This is the key point of the discussion. Regardless of the software solutions available, you need good scientist who will actively manage and analyze the loads of data coming in. In my experience this responsibility has always fallen on the MedChemists because we need to understand all of the data relationships and dependencies in order to design the next set of analogs. With the recent gutting of MedChem talent in the industry, this is an 'art' that is being lost. You can outsource all the compound synthesis you want, but if no one is left around who understands how to properly interpret all the data being generated you might as well go back to combichem!

Permalink to Comment

7. Rajarshi on March 19, 2012 8:41 AM writes...

While RDBMS's + R are a potent combination, they definitely require informatics support and/or expertise. Certainly, from the informatics side of things, this a great combination and coupled with chemistry toolkits and modern vis frameworks, pretty much anything is possible.

But from the bench scientists point of view I'd argue that without appropriate (ie usable) interfaces, it's all useless

Permalink to Comment

8. MarkE on March 19, 2012 8:42 AM writes...

We are able to use an integrated 'report-puller' at the small company where I work: a custom-built program which can pull user-defined data from our central data capture system. Creates large but (more) manageable Excel files.

Permalink to Comment

9. HelicalZz on March 19, 2012 9:02 AM writes...

I too am in a small company with a modest number of data and compound sets. Excel is just barely manageable for this though. It requires a database, and people who know how to manage and use it. Document and data retention, organization, management, organization, etc. is something small companies don't pay enough attention to in my opinion (until forced to).

So the question becomes, how many chemists train in database management and use? Why not? If you are at a large company there is really little excuse to not get yourself at least a basic level of this training (as speaks the experience born from not taking advantage of opportunities like that myself when I should have).


Permalink to Comment

10. LionelC on March 19, 2012 9:04 AM writes...

I am new in a small chemical start-up. I have to implement/select a new system for the management of the data from the chemical structure (with exact stereochemistry), to the certificat of analysis or their biological data.
It is not clear to see what are the solutions, so any comment on it are welcomes.

But I think that clearly it depends on what are yours needs. Is it to save your know-how or is it to do Med.Chem. and select the next compound to do?

Permalink to Comment

11. John Wayne on March 19, 2012 9:10 AM writes...
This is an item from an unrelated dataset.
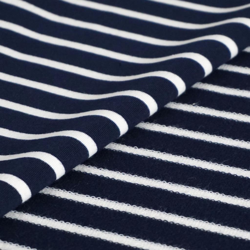 Eigenschaft: Streifenbreite 15mm-5mm, elastisch, weich, matt, blickdicht, mittelfest, gleichmäßiges feines Maschenbild, bedruckt, pflegeleicht, atmungsaktiv, nimmt Feuchtigkeit gut auf, Rückseite nicht angeraut

If you can afford it, Spotfire is an excellent program. You can import a spreadsheet and pretty easily visualize your data in many dimensions. You can easily save your work as a picture file, and they make handy tools in presentations.

Permalink to Comment

12. Miramon on March 19, 2012 9:11 AM writes...

I'm curious who the industry leader is in this software category. Is the quality -- usability and power -- of the software generally satisfactory for most users? Do "semantic" features add value here?

Permalink to Comment

13. Moses on March 19, 2012 9:11 AM writes...

# 10. LionelC:
You have a choice of several established companies.
The big fish is Accelrys/MDL/Symyx, there's Cambridgesoft, ChemAxon and Dotmatics. I've worked for a forerunner of Accelrys and like their Accord software, but Dotmatics is probably a neater option these days.

Permalink to Comment

14. SP on March 19, 2012 9:20 AM writes...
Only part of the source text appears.